• Brief:
Return the lines that run from the beginning of the entries to the line holding "(安徽省29-31日降水落区预报)", inclusive, and drop the pictures.

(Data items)
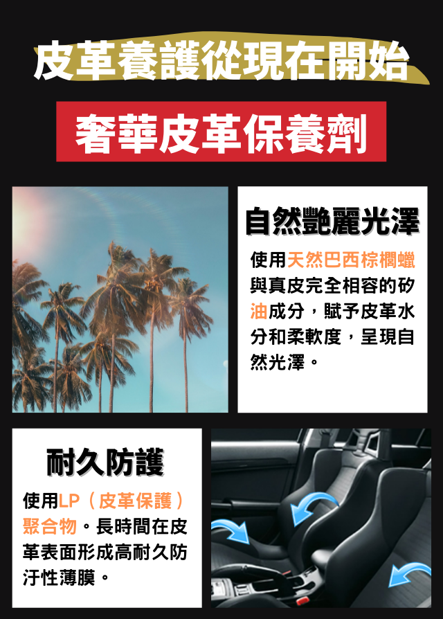 天然清潔劑可徹底清潔乾淨,不會油膩及過於乾燥的疑慮,含豐富的天然棕櫚蠟成分,使皮革呈現深且奢華的光澤。
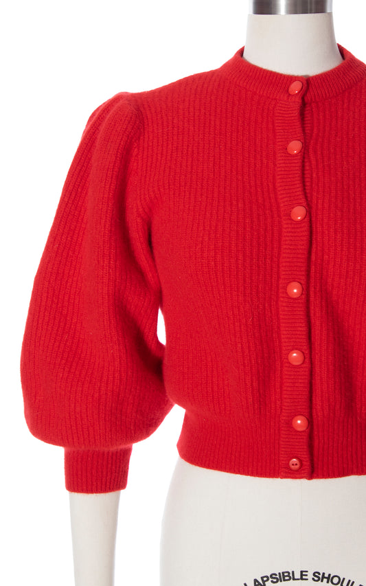 1980s Puff Sleeve Cropped Knit Sweater | medium
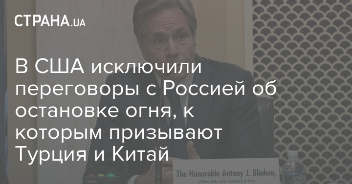 Госсекретарь США Энтони Блинкен исключил переговоры с Россией об остановке огня, к которым призывает ряд стран, включая Турцию и Китай.
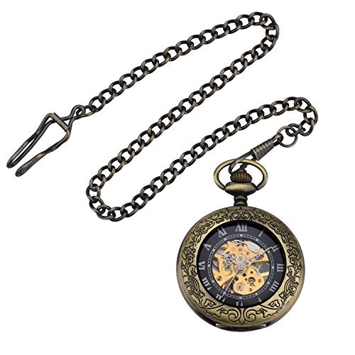 -. Title : Zeiger New Mens Classic Mechanical Steampunk Pocket Watch Stainless Steel Copper Case Skeleton Roman Design Pocket Watch with Chain (Black)
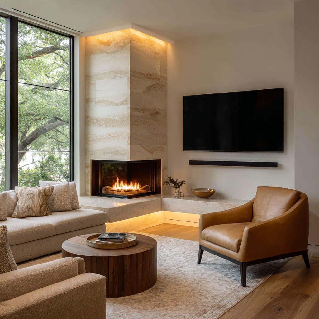 One of the most overlooked parts of corner fireplace design ideas is the way light becomes part of the composition, not just a tool to see the room. The most thoughtful examples use a light pattern, not a beam.
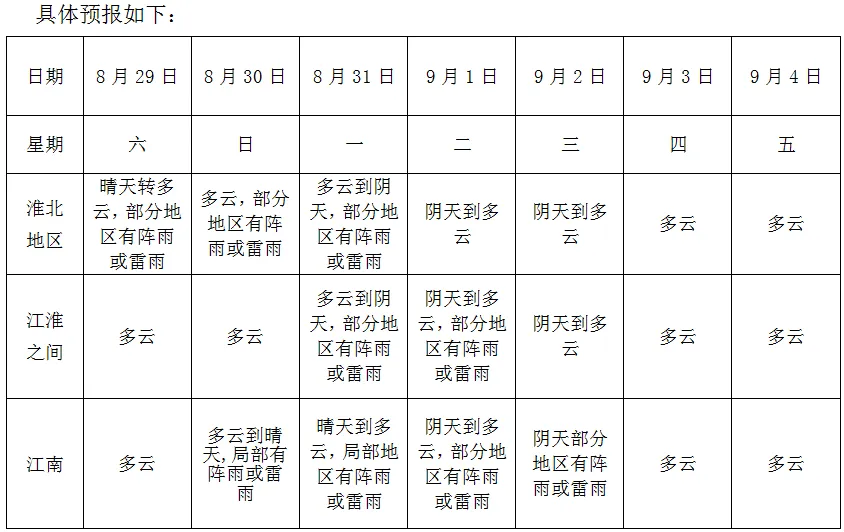 (安徽省29-31日降水落区预报)
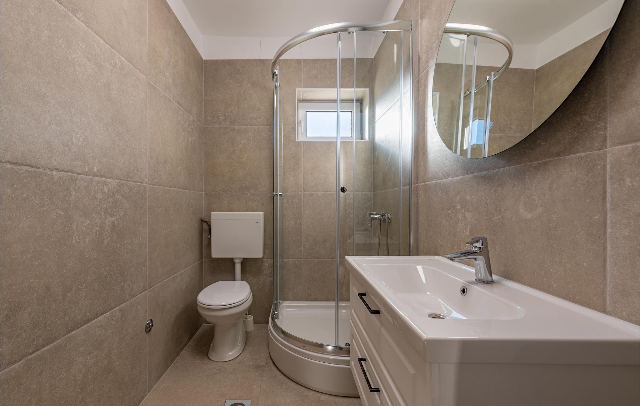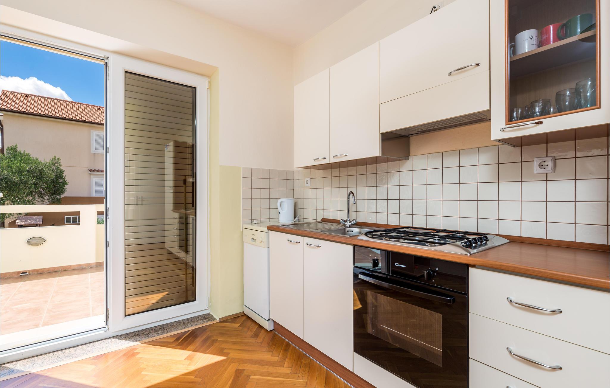 I et flerfamilieshus på øen Pag ligger denne enkelt og praktisk indrettede ferielejlighed.
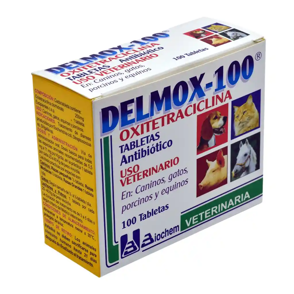 COMPOSICIÓN: Cada Tableta de DELMOX-100 Tabletas contiene: Oxitetraciclina Clorhidrato 250 mg / Excipientes c.s.p. 1 Tableta. PRESENTACIÓN: Caja x 100 tabletas. 10 blíster de 10 tabletas. ANTIBIÓTICO USO EN:Caninos, gatos, porcinos y equinos USOS: Infecciones causadas por Staphylococcus, Bordetella sp., Brucella sp., Bartonella sp., Haemophilus sp., Pasteurella multocida, Shigella sp., Yersinia pestis, Actinomyces sp., Bacillus anthracis, Clostridium perfringens, Clostridium tetani., Listeria monocytogenes, Nocardia sp., Micoplasma sp., Chlamydia sp., y Rickettsia sp. ENFERMEDADES: Erliquiosis (Ehrlichia canis) Infecciones en sistemas digestivo, genitourinario y óseo. Infecciones bacterianas dermatológicas causadas por Haemobartonella, Mycoplasma y Chlamydia. Infecciones respiratorias producidas por complicaciones bacterianas de enfermedades virales como Moquillo y Rinotraqueitis infecciosa felina. Infecciones bucodentales: gingivitis, periodontitis, estomatitis que causan halitosis (mal aliento). MECANISMO DE ACCIÓN: La Oxitetraciclina es bacteriostática. Inhibe la síntesis de proteínas de forma inmediata y total evitando el crecimiento y la reproducción de los organismos sensibles, al ligarse al ribosoma bacteriano 30S, evita la llegada del complejo aminoacil ARNt al sitio receptor en el complejo ARNm-ribosoma de forma irreversible, e impide la incorporación de los aminoácidos que a la cadena peptídica, inhibiendo de esta forma la síntesis de proteínas. Las tetraciclinas orales se absorben en el estómago y en la primera porción del intestino delgado, con biodisponibilidad mayor al 70% en 1 a 3 horas. La absorción disminuye cuando se administra junto con alimentos (sobre todo leche o derivados lácteos. VÍA DE ADMINISTRACIÓN Y DOSIS: Administrar por vía oral, a razón de 1 tableta al día para 25-40 kilos de peso (equivale a 5.5 a 11 mg/Kg/día). DOSIS DE DELMOX TABLETAS EN PERROS Y GATOS: Se recomienda dividir en dos, la dosis diaria, para administrar cada 12 horas, con suficiente agua o alimento. CONTRAINDICACIONES: No usar en hembras gestantes ni cachorros menores de un año. TIEMPO DE RETIRO: Carne: Los porcinos no deben sacrificarse para consumo, hasta 21 días después de finalizar el tratamiento. Uso Veterinario Manténgase fuera del alcance de los niños. Consulte al Médico Veterinario
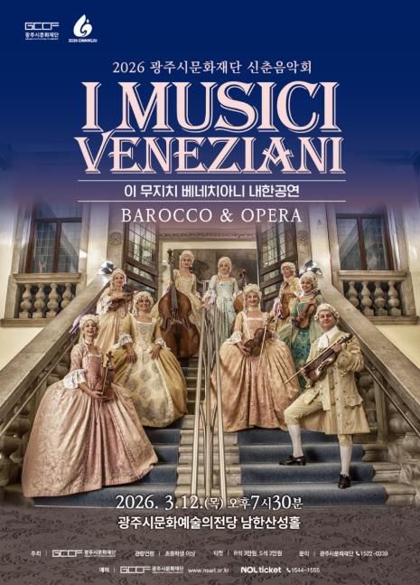 미디어라이프 중부신문 이종인 기자 | (재)광주시문화재단은 2026년 신춘음악회로 이탈리아 베네치아니를 기반으로 활동해온 바로크앙상블 〈이 무지치 베네치아니(I Musici Veneziani) 내한공연 – Barocco & Opera〉를 개최한다. 이번 공연은 베네치아 황금시대의 음악과 문화를 무대 위에 생생히 재현하며, 관객들에게 클래식을 통한 특별한 시간여행을 선사할 예정이다.
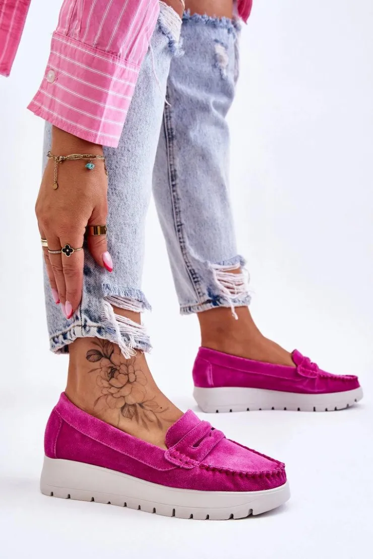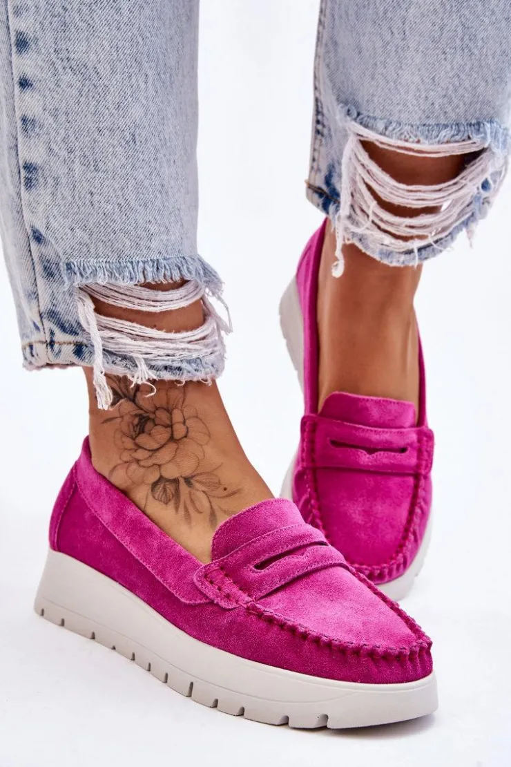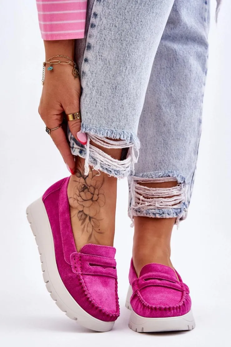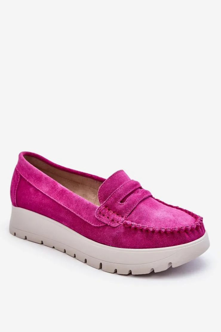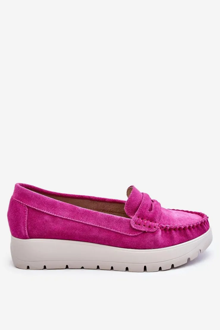 Mokasyny damskie wykonane z naturalnej skóry z ozdobnym paseczkiem z przodu. Zapiętek został usztywniony, co pozwoli na odpowiednią stabilizację stopy. Buty osadzono na platformie. Ten model posiada miękką wkładkę z perforacją. Mokasyny to idealne buty do wielu stylizacji! Koniecznie powinnaś je mieć! Przy wyborze rozmiaru prosimy sugerować się tabelą rozmiarów.
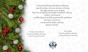 Tak to już jest, że gdy jedni będą świętować i spędzać czas z bliskimi, drudzy, a wśród nich wielu policjantów, będzie pełniło służbę na rzecz bezpieczeństwa tych pierwszych. Pomagamy i chronimy przez cały rok! Pamiętajmy, że bezpieczeństwo to nasza wspólna sprawa i wszyscy mamy na nie wpływ. Dlatego zadbajmy o to, by powodów do policyjnych interwencji było jak najmniej, a o wszelkich niepokojących zjawiskach i zdarzeniach informujmy odpowiednie służby. Niech to będą spokojne i bezpieczne święta!
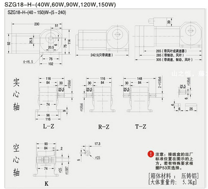 直交轴小型减速机SZG-H(实心右出轴)山藤SEND直交轴减速机功率:25~120W减速比:1/5~1/240轴布置:直交轴特点:1.高效率与低噪音 山藤SEND减速机采用准双曲面齿轮设计,在性能上兼顾有斜齿轮的低噪音性和伞齿轮的高效率特点,是一款不可多得的高效且低噪的减速机。 与蜗轮蜗杆减速机相比,双曲面齿轮的滑动摩擦较小,因此其传动效率比蜗轮蜗杆高;最高可达98%的传动效率。另一方面,螺旋伞齿轮的齿轮啮合一般在2齿左右,而山藤SEND准双曲面齿轮拥有越2.5齿的啮合,因此其运转时噪音比伞齿轮更低。2.与蜗轮蜗杆齿轮箱相比,山藤SEND的使用寿命更长 山藤SEND的齿...
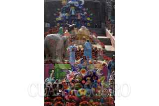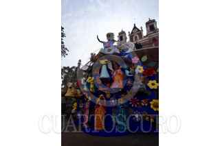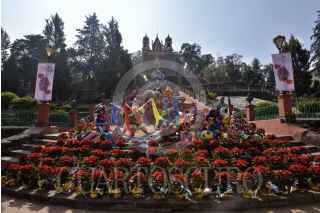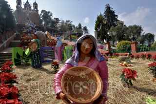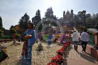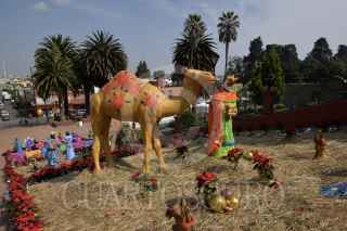 METEPEC, ESTADO DE MÉXICO, 13DICIEMBRE2018.- Como parte de las actividades del Festival Navideño en Metepec fue instalado un Nacimiento Monumental en las escaleras de la Iglesia de El Calvario, que consta de 110 piezas hechas por artesanos de este municipio, de barro, cartonería y vidrio. FOTO: ARTEMIO GUERRA BAZ /CUARTOSCURO.COM
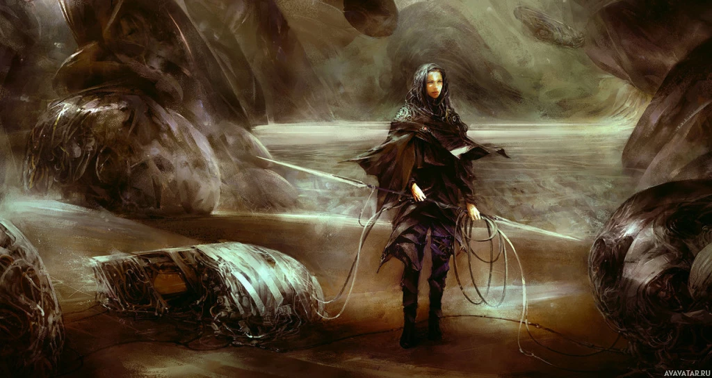 a female character who appears to be in a fantasy or adventure setting. She is standing amidst rocky formations, which might suggest she is in a cave or a rugged
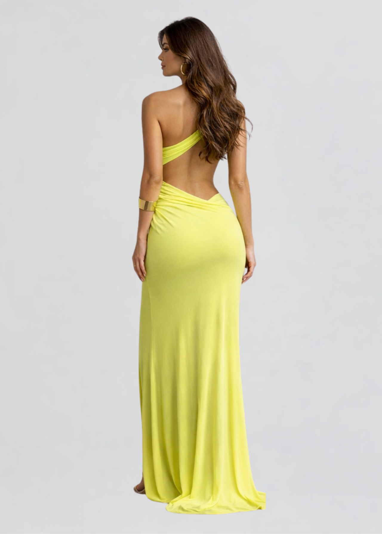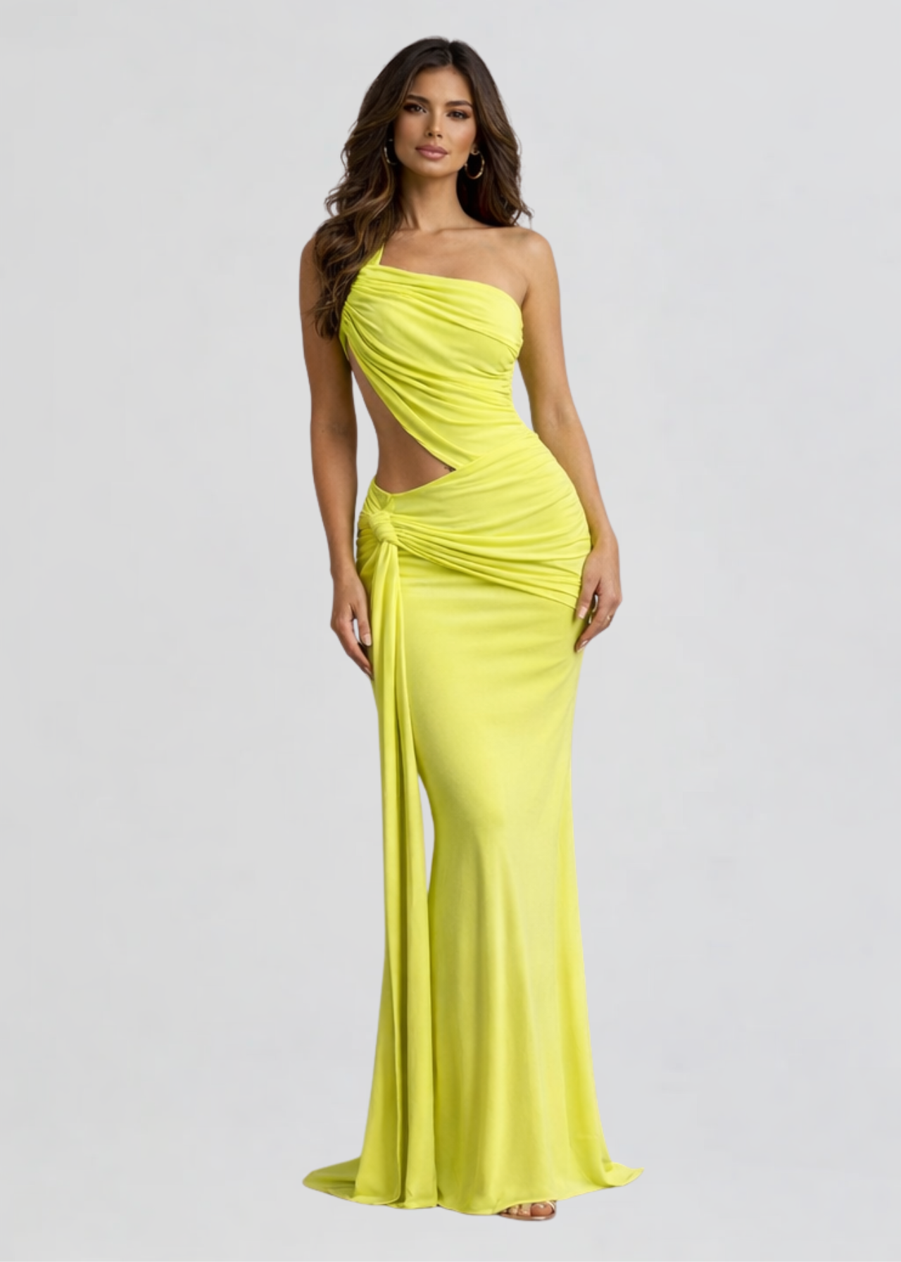 Make a bold statement in this striking one-shoulder maxi dress designed to highlight your silhouette. Crafted from a smooth, figure-skimming fabric, this vibrant lime gown features elegant draping and a modern asymmetrical design. The waist cut-out and gathered hip detail create a flattering hourglass effect, while the floor-length skirt adds effortless sophistication.
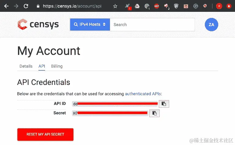 censys.io上的帐户,并获取 API ID 和 Secret,这将在模块中使用:
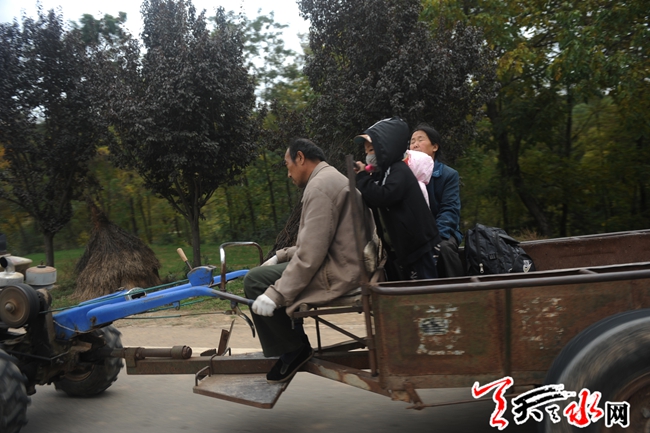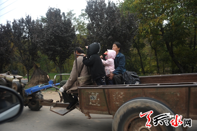 天天天水网24日15时讯 【记者 杨晓斌】清社公路清水县城南10公里处,一辆拖拉机载着两名儿童和一个大人前行。
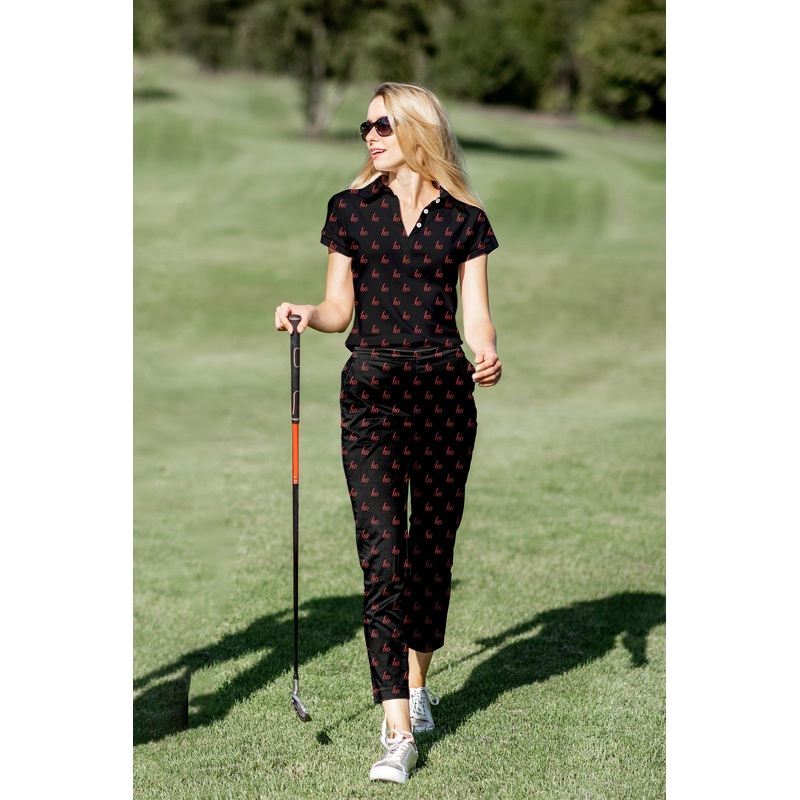 Women’s Golf Polo+Pants Set Black Custom Name Christmas
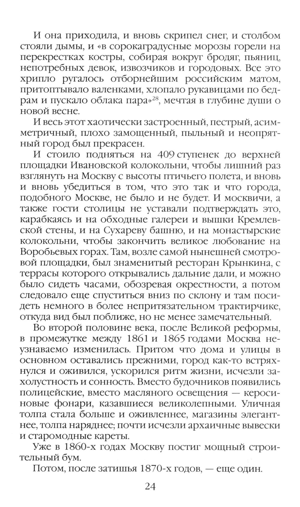 На основе дотошного изучения и обобщения обширных архивных документов, воспоминаний и дневников московских старожилов, трудов историков, записок и сочинений писателей, журналистов и путешественников, как отечественных, так и зарубежных, автору удалось воссоздать многомерную и захватывающую панораму Москвы, сложившуюся после великого пожара 1812 года. Из книги можно узнать о городском хозяйстве и властях - от будочника до генерал-губернатора, о семейных торжествах царствующего дома, религиозных традициях, театральных и ярмарочных действах, студенческих пирушках и волнениях, спорте.| Издательство | Молодая гвардия |
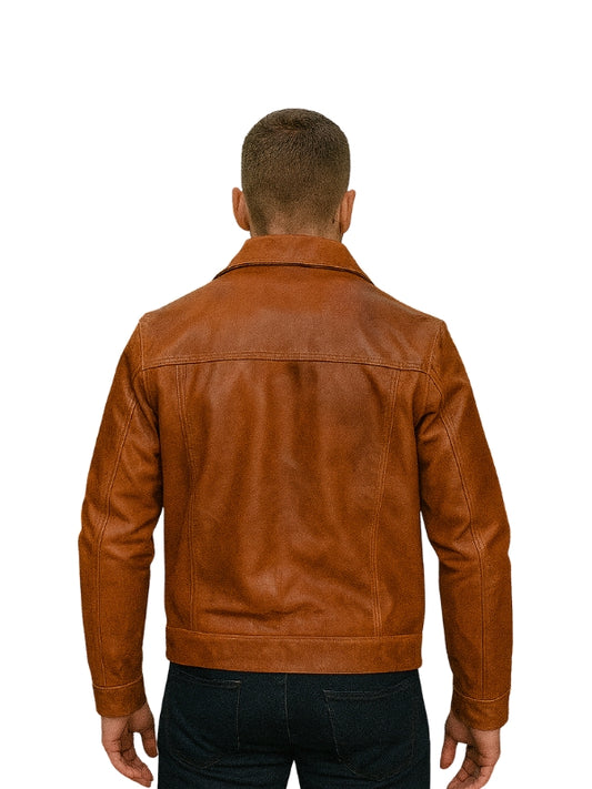 Tan Brown Trucker Style Genuine Leather Jacket

• Written reply:
 天然清潔劑可徹底清潔乾淨,不會油膩及過於乾燥的疑慮,含豐富的天然棕櫚蠟成分,使皮革呈現深且奢華的光澤。
 1980s Puff Sleeve Cropped Knit Sweater | medium
 Госсекретарь США Энтони Блинкен исключил переговоры с Россией об остановке огня, к которым призывает ряд стран, включая Турцию и Китай.
 -. Title : Zeiger New Mens Classic Mechanical Steampunk Pocket Watch Stainless Steel Copper Case Skeleton Roman Design Pocket Watch with Chain (Black)
 One of the most overlooked parts of corner fireplace design ideas is the way light becomes part of the composition, not just a tool to see the room. The most thoughtful examples use a light pattern, not a beam.
 (安徽省29-31日降水落区预报)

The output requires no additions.